4. UCF_CC_50 dataset experiment

1. Data set directory structure reconstruction

The UCF_CC_50 data set downloaded from the Internet is often in the same folder as the picture and the mat file, while in ShanghaiTech it is divided into a train training set and a test test set. In order to better adapt our reproduced code to the UCF dataset, we need to refactor the UCF directory. According to the paper, 50 pictures should be divided into 5 groups of 10 pictures for cross-validation, 4 sets of training sets, and 1 set of test sets; do this 5 different times and finally take the average value. My five groups are arranged as follows:

group The pictures contained in the test test set
part1 1-10.jpg as a test set
part 2 11-20 do test set
part 3 21-30 do test set
part 4 31-40 do test set
part 5 41-50 for the test set
Taking part1 as an example, it is actually consistent with the file directory of ShanghaiTech.
insert image description here
[Treading the pit] The mat file in UCF_CC_50 and the mat file coordinates in SHanghaiTech have different keys in the dictionary, just change it to the one shown in the figure below.
insert image description here

2. Experimental results

The training time is not shorter than that of ShanghaiTech. My training results are as follows for readers’ reference:
1. CAN training results
insert image description here
2. CSRNet training results
insert image description here
You can see why I say CSRNet is better by observing the above chart. A certain network module is useless, but I can't prove it, so I just listen to it, and I have to use experimental data to speak. In academia, it is true that the superiority of the entire model algorithm is represented by the data that happens at a certain moment, while the key factor of robustness is ignored, so there is a rumor that papers in the AI ​​​​field cannot be reproduced.

5. DIY dataset experiment

Running through the experiment can only prove that the reader has the ability to configure the environment and run the program by himself. To further understand the crowd estimation algorithm, he must make his own data set for training.

1. Dataset collection

At this step, readers can decide according to their own situation, such as mobile phone cameras and other equipment to take images of crowds or ready-made pictures collected from the Internet. I used the former, using my mobile phone to photograph crowds on campus. As shown in the picture:
insert image description here

[Treading pits] Before head labeling, an important parameter to pay attention to is the resolution, because the ground truth needs to be generated during training, and the size of the h5 file is directly linked to the resolution. For example, the resolution of the picture taken by my mobile phone is 3000x4000=12 million pixels, and the generated h5 file is close to 100M. During training, the graphics card of GeForce RTX 3060 directly reports that there is insufficient space, because the h5 file of any picture in ShanghaiTech is only about 6K. Therefore, if the resolution of the picture taken by the reader is too high, it is necessary to reduce the resolution of the picture.
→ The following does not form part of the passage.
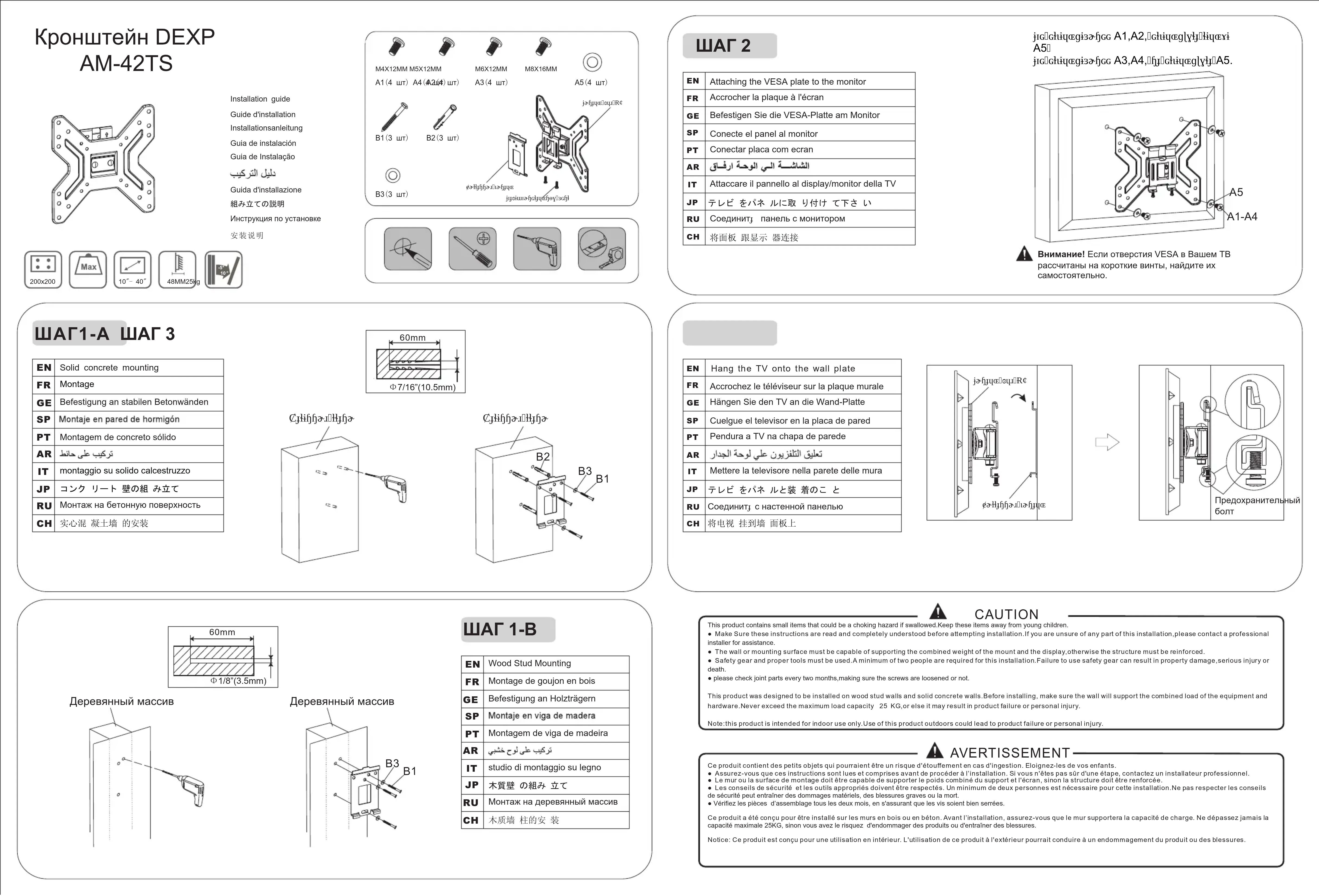 テレビ をパネ ルに取 り付け て下さ いConectar placa com ecranConecte el panel al monitor Accrocher la plaque à l'écranBefestigen Sie die VESA-Platte am MonitorAttaccare il pannello al display/monitor della TVCоединитɟ панель с монитором ШАГ 2 CAUTION This product contains small items that could be a choking hazard if swallowed.Keep these items away from young children. ● Make Sure these instructions are read and completely understood before attempting installation.If you are unsure of any part of this installation,please contact a professional installer for assistance. ● The wall or mounting surface must be capable of supporting the combined weight of the mount and the display,otherwise the structure must be reinforced. ● Safety gear and proper tools must be used.A minimum of two people are required for this installation.Failure to use safety gear can result in property damage,serious injury or death.● please check joint parts every two months,making sure the screws are loosened or not. This product was designed to be installed on wood stud walls and solid concrete walls.Before installing, make sure the wall will support the combined load of the equipment and hardware.Never exceed the maximum load capacity 25 KG,or else it may result in product failure or personal injury. Note:this product is intended for indoor use only.Use of this product outdoors could lead to product failure or personal injury. AVERTISSEMENT Ce produit contient des petits objets qui pourraient être un risque d'étouffement en cas d'ingestion. Eloignez-les de vos enfants. ● Assurez-vous que ces instructions sont lues et comprises avant de procéder à l’installation. Si vous n'êtes pas sûr d'une étape, contactez un installateur professionnel. ● Le mur ou la surface de montage doit être capable de supporter le poids combiné du support et l'écran, sinon la structure doit être renforcée. ● Les conseils de sécurité et les outils appropriés doivent être respectés. Un minimum de deux personnes est nécessaire pour cette installation.Ne pas respecter les conseils de sécurité peut entraîner des dommages matériels, des blessures graves ou la mort. ● Vérifiez les pièces d’assemblage tous les deux mois, en s'assurant que les vis soient bien serrées. Ce produit a été conçu pour être installé sur les murs en bois ou en béton. Avant l’installation, assurez-vous que le mur supportera la capacité de charge. Ne dépassez jamais la capacité maximale 25KG, sinon vous avez le risquez d'endommager des produits ou d'entraîner des blessures. Notice: Ce produit est conçu pour une utilisation en intérieur. L'utilisation de ce produit à l'extérieur pourrait conduire à un endommagement du produit ou des blessures. ɉɪɢɢɫɩɨɥɶɡɨɜɚɧɢɢ A1,A2,ɢɫɩɨɥɶɡɭɣɬɟɬɨɥɶɤɨ

2. Reduce the image resolution

#resolution_changer.py
import glob
from PIL import Image
import os
img_path = glob.glob("dataset/train/images/*jpg")
path_save = "dataset/train/images/"
for file in img_path:
  name = os.path.join(path_save, file)
  print(name)
  im = Image.open(file)
  im.thumbnail((1080,720)) # 尽量按比例改成1080,720格式,尽管最后图片不会都是找个大小,但是一定比这个规格小
  print(im.format, im.size, im.mode)
  im.save(name,'JPEG')

This is the code directly found on the Internet. Readers can change img_path and path_save by themselves. It is not difficult to find that the two paths are the same, but img_path has an extra *.jpg.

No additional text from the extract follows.